Segment Start: DATA RECORDS

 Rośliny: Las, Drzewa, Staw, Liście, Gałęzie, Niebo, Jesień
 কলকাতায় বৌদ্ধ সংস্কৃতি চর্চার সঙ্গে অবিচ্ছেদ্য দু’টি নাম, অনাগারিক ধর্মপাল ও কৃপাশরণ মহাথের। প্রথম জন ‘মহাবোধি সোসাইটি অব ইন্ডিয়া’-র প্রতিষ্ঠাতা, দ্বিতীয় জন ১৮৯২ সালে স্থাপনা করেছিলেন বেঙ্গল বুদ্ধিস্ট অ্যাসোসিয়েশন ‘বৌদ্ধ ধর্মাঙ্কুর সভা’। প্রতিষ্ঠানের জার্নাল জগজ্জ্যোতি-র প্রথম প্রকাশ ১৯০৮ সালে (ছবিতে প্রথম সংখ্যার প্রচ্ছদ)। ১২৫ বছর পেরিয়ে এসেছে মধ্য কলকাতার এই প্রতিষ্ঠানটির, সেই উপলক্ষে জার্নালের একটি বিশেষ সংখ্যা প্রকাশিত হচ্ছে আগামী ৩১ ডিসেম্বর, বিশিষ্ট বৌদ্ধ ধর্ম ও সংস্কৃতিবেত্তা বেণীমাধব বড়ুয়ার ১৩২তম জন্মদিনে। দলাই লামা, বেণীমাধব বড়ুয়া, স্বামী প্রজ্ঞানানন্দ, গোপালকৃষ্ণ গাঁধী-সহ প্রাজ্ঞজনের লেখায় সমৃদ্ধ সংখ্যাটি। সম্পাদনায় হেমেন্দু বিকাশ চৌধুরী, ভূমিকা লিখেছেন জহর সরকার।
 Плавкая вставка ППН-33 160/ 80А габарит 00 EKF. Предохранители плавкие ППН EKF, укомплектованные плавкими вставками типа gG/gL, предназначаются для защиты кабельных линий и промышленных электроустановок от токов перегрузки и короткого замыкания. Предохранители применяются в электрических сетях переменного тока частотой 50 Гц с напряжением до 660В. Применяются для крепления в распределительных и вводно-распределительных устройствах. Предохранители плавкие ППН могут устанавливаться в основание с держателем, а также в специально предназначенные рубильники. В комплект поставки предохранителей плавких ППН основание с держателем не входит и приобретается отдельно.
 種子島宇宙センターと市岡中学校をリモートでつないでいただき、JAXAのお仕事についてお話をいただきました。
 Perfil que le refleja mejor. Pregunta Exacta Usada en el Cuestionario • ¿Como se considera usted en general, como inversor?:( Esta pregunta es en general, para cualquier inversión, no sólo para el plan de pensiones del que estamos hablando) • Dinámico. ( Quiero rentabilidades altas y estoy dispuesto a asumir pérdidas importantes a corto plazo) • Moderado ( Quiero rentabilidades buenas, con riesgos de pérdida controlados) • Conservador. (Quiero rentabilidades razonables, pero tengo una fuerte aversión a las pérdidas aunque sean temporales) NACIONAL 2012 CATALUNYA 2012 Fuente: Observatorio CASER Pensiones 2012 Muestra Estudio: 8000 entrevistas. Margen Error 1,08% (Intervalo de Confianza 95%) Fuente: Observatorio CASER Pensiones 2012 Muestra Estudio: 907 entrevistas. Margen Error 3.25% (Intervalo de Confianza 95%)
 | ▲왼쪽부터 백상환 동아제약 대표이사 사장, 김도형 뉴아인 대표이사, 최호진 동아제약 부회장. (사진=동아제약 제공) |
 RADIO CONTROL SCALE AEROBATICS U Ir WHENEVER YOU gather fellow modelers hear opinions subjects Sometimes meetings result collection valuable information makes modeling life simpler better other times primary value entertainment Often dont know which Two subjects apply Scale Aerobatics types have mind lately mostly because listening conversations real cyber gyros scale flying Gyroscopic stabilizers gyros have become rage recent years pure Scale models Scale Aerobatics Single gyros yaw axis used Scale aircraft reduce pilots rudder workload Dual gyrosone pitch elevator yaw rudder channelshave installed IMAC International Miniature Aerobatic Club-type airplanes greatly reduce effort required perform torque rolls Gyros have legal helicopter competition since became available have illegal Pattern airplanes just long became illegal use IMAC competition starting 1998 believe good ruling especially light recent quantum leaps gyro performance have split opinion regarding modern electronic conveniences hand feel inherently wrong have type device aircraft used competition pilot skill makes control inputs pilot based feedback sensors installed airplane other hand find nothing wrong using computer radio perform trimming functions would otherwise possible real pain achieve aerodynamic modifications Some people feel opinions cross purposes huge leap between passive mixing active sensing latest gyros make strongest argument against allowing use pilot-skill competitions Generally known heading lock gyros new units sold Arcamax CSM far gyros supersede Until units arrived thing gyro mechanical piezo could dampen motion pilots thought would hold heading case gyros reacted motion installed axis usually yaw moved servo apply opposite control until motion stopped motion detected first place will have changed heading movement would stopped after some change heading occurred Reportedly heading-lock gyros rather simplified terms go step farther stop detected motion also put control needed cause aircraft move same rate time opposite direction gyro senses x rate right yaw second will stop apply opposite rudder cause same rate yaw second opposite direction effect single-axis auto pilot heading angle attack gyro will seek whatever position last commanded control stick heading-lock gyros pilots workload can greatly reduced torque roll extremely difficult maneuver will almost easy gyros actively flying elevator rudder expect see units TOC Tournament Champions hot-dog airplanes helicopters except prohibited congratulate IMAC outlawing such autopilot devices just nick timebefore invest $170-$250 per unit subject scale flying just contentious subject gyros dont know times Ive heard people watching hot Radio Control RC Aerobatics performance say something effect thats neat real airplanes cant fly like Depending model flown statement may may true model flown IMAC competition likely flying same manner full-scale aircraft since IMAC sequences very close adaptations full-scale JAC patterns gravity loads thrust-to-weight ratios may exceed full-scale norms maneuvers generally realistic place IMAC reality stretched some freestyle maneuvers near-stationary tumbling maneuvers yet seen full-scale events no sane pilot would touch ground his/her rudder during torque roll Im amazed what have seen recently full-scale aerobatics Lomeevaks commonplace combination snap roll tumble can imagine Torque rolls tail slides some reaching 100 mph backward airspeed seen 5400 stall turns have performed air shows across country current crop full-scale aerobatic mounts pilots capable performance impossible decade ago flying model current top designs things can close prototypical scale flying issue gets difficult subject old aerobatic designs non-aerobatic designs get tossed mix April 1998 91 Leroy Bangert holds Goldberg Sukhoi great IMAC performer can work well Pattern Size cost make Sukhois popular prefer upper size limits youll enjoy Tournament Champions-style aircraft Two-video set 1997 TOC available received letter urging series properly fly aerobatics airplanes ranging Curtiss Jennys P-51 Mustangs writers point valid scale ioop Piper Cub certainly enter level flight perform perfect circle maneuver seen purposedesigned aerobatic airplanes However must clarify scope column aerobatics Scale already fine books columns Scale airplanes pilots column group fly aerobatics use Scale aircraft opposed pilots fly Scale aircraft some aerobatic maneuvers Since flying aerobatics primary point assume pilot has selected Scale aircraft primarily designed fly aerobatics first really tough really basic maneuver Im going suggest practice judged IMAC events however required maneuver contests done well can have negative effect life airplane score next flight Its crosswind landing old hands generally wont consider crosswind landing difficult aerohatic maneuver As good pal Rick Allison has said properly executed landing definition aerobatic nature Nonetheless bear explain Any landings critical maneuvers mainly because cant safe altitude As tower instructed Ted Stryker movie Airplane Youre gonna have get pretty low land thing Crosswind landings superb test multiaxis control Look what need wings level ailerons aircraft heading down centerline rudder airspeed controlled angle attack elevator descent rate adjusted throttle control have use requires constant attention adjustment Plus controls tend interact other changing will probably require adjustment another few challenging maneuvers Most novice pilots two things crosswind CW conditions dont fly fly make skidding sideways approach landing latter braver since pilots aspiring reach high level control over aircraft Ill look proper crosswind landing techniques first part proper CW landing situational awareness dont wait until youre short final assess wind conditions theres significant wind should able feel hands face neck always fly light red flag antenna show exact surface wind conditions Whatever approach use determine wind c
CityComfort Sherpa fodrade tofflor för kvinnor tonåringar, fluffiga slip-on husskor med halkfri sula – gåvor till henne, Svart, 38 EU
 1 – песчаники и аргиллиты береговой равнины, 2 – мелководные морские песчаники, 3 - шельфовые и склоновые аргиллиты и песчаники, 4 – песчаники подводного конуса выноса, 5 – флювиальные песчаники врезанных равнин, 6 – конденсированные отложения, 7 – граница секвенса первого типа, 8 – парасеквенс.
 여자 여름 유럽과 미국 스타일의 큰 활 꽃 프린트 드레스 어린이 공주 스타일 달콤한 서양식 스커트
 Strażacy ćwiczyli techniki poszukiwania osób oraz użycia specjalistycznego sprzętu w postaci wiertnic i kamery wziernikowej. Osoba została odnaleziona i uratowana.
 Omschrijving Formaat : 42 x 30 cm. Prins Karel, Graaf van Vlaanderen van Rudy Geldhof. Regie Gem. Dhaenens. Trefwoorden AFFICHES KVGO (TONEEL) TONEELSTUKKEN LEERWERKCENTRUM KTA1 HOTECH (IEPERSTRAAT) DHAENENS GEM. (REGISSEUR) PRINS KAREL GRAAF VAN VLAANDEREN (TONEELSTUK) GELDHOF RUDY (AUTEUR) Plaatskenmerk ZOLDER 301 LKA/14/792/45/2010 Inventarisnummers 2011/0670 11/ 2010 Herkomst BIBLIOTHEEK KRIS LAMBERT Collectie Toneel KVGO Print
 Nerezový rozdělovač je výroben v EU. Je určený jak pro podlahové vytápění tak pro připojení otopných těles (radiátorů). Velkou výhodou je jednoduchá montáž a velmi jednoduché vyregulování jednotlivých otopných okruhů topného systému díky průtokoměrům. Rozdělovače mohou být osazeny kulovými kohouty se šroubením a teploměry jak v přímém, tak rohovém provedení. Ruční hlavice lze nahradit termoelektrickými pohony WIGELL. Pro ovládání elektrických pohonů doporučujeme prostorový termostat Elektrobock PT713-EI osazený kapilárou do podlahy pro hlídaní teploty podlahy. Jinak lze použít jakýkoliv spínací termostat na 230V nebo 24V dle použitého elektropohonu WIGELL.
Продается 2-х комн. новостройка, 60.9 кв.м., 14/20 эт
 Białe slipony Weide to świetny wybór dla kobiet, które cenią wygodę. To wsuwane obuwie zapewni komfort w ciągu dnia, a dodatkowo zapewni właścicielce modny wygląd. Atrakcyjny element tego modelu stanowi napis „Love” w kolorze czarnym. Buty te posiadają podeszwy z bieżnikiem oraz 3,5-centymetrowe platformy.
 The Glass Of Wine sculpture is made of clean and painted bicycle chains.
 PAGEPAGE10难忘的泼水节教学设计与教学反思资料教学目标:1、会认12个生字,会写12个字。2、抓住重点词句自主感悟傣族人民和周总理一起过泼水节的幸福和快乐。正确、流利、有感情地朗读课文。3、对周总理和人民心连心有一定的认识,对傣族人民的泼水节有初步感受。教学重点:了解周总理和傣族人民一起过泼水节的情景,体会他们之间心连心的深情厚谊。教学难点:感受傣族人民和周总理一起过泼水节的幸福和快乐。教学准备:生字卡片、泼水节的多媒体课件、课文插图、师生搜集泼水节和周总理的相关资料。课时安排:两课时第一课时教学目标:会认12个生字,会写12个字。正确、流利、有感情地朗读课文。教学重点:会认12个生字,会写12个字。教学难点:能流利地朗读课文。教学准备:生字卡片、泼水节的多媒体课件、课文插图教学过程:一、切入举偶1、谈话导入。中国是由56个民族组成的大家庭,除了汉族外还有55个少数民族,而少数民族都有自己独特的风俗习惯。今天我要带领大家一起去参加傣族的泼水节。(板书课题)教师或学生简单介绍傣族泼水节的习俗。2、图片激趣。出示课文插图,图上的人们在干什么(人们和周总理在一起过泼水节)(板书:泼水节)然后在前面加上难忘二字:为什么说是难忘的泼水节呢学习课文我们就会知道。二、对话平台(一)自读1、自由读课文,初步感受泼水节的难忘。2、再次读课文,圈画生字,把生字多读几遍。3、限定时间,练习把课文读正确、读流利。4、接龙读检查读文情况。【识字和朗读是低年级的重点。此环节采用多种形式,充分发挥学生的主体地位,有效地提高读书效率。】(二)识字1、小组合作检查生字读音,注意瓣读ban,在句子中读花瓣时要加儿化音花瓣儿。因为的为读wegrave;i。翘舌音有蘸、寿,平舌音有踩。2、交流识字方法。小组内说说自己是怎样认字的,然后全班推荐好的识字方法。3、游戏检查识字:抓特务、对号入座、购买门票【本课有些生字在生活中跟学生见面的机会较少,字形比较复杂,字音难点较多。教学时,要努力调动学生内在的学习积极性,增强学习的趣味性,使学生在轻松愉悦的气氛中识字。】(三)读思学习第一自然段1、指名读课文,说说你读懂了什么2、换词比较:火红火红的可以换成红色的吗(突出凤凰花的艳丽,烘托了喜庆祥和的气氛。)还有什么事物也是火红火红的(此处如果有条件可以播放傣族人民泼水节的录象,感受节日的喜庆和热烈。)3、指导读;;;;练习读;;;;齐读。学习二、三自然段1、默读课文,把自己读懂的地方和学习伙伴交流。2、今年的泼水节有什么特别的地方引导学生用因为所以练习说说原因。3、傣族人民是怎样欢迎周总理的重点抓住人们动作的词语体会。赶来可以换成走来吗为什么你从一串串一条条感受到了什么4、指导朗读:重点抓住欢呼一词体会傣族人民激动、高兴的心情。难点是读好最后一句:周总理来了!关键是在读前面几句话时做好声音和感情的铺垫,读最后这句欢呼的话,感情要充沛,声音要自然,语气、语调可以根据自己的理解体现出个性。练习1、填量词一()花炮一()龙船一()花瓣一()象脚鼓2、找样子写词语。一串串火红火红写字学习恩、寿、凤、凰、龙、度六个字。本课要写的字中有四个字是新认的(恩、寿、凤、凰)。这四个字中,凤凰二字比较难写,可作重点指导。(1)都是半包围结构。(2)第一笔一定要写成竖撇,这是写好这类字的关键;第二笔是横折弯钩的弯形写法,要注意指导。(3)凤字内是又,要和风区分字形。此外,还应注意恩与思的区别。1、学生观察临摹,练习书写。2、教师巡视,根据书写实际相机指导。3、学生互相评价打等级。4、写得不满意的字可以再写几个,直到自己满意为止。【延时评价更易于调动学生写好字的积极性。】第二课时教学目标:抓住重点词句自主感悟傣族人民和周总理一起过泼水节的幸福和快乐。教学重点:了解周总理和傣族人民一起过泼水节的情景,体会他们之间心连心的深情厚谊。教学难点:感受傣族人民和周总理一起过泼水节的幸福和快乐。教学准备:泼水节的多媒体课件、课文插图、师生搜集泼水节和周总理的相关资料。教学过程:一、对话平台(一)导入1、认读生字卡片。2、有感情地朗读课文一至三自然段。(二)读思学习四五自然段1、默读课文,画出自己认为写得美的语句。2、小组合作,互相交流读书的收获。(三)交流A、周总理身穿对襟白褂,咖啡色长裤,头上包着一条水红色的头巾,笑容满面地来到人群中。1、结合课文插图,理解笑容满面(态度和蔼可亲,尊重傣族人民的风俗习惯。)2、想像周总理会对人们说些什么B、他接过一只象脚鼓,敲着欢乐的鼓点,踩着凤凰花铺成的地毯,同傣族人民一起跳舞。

Segment End: DATA RECORDS

* AIM OF THE EXERCISE
Above are the lines; repeat exactly the ones from the line containing "Białe slipony Weide" down to the line containing "The Glass Of", both inclusive.

* OUTPUT OF THE EXERCISE
 Białe slipony Weide to świetny wybór dla kobiet, które cenią wygodę. To wsuwane obuwie zapewni komfort w ciągu dnia, a dodatkowo zapewni właścicielce modny wygląd. Atrakcyjny element tego modelu stanowi napis „Love” w kolorze czarnym. Buty te posiadają podeszwy z bieżnikiem oraz 3,5-centymetrowe platformy.
 The Glass Of Wine sculpture is made of clean and painted bicycle chains.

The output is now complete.